Data to examine:
»»
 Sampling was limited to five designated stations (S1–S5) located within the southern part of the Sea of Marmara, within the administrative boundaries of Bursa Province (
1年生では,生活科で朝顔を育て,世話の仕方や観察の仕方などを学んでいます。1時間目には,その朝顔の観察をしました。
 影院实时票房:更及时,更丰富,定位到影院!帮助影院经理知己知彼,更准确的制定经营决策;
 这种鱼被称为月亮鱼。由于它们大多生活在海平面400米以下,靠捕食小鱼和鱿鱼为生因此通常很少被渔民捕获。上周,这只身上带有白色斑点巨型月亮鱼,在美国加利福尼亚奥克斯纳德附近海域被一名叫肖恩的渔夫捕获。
««
»»
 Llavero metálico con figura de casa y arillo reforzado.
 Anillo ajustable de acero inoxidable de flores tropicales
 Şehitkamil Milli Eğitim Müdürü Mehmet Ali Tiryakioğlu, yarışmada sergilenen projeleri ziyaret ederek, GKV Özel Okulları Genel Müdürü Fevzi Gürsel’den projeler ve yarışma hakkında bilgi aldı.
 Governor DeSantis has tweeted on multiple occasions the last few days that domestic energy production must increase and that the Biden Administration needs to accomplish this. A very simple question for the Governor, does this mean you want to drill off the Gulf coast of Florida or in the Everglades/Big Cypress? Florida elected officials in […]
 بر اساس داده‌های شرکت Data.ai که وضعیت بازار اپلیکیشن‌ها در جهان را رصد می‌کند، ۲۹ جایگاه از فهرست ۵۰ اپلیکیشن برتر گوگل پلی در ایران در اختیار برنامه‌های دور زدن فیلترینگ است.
««
»»
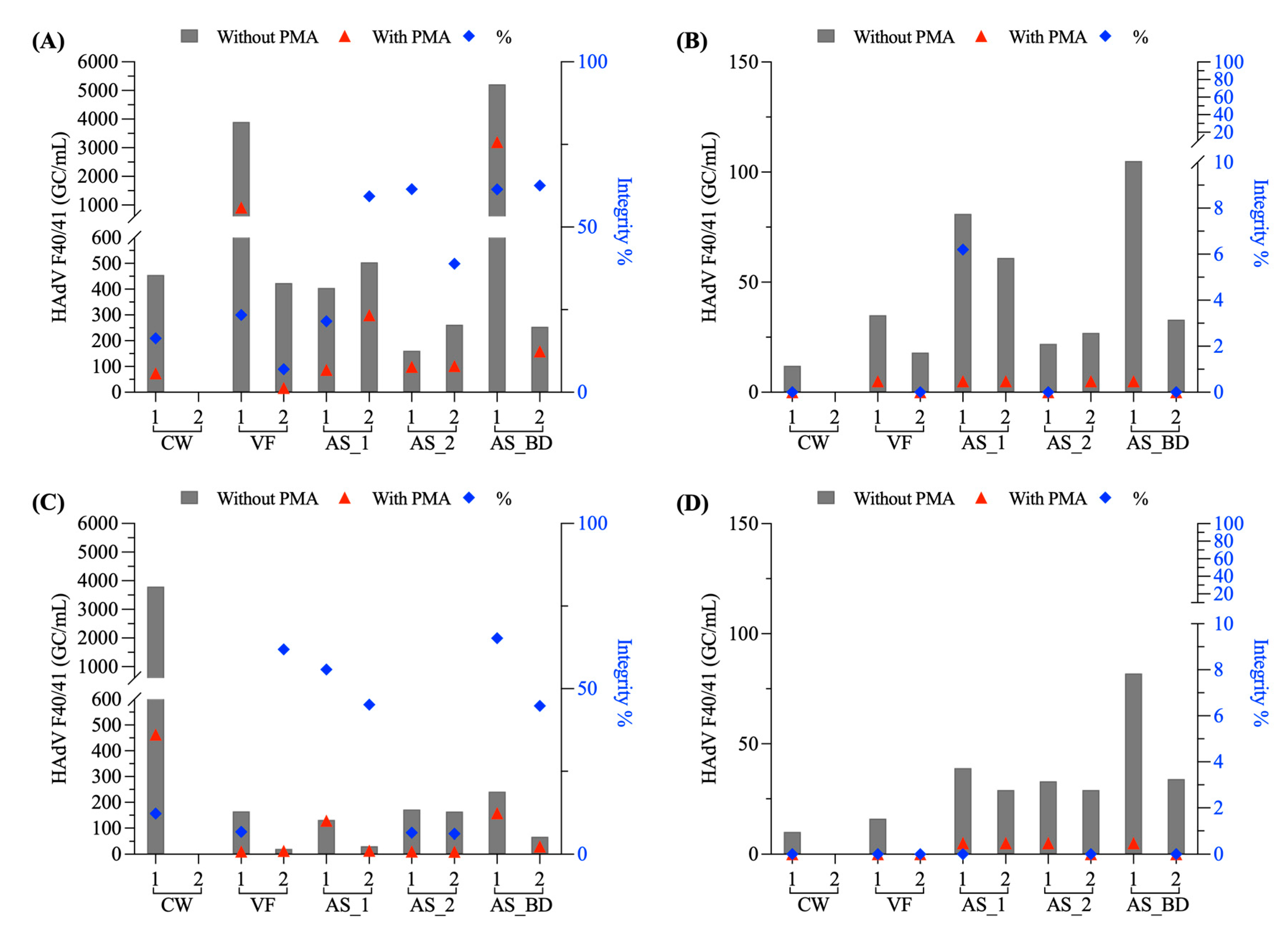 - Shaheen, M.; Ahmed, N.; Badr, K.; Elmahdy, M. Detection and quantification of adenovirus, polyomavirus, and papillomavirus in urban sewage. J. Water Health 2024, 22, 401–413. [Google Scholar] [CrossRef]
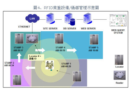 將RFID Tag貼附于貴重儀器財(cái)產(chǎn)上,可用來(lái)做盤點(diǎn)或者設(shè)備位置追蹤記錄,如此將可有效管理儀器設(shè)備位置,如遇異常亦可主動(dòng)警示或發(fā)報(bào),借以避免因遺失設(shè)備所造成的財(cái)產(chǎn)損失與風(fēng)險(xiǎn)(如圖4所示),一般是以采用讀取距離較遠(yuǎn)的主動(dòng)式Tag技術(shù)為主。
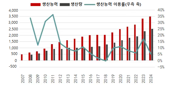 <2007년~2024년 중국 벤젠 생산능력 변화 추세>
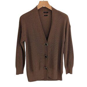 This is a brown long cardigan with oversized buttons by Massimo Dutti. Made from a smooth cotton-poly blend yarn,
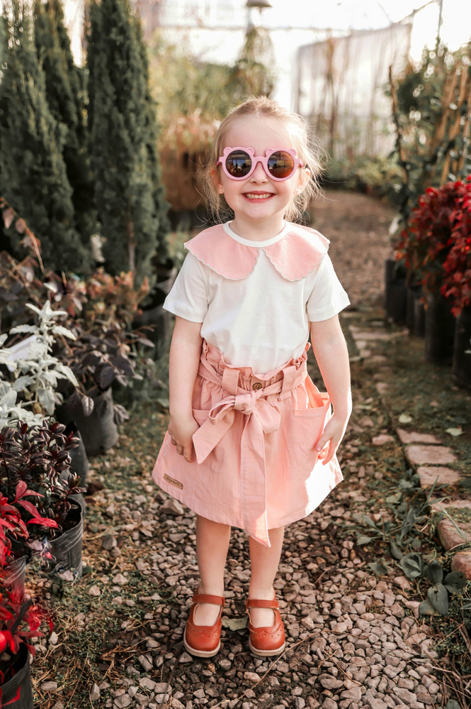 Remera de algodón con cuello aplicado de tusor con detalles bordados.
««
The task:
Set down, exactly as they stand above, the lines starting with the line with "Sampling was limited" and going on through the line with "这种鱼被称为月亮鱼。由于它们", and no others.

Final answer:
 Sampling was limited to five designated stations (S1–S5) located within the southern part of the Sea of Marmara, within the administrative boundaries of Bursa Province (
1年生では,生活科で朝顔を育て,世話の仕方や観察の仕方などを学んでいます。1時間目には,その朝顔の観察をしました。
 影院实时票房:更及时,更丰富,定位到影院!帮助影院经理知己知彼,更准确的制定经营决策;
 这种鱼被称为月亮鱼。由于它们大多生活在海平面400米以下,靠捕食小鱼和鱿鱼为生因此通常很少被渔民捕获。上周,这只身上带有白色斑点巨型月亮鱼,在美国加利福尼亚奥克斯纳德附近海域被一名叫肖恩的渔夫捕获。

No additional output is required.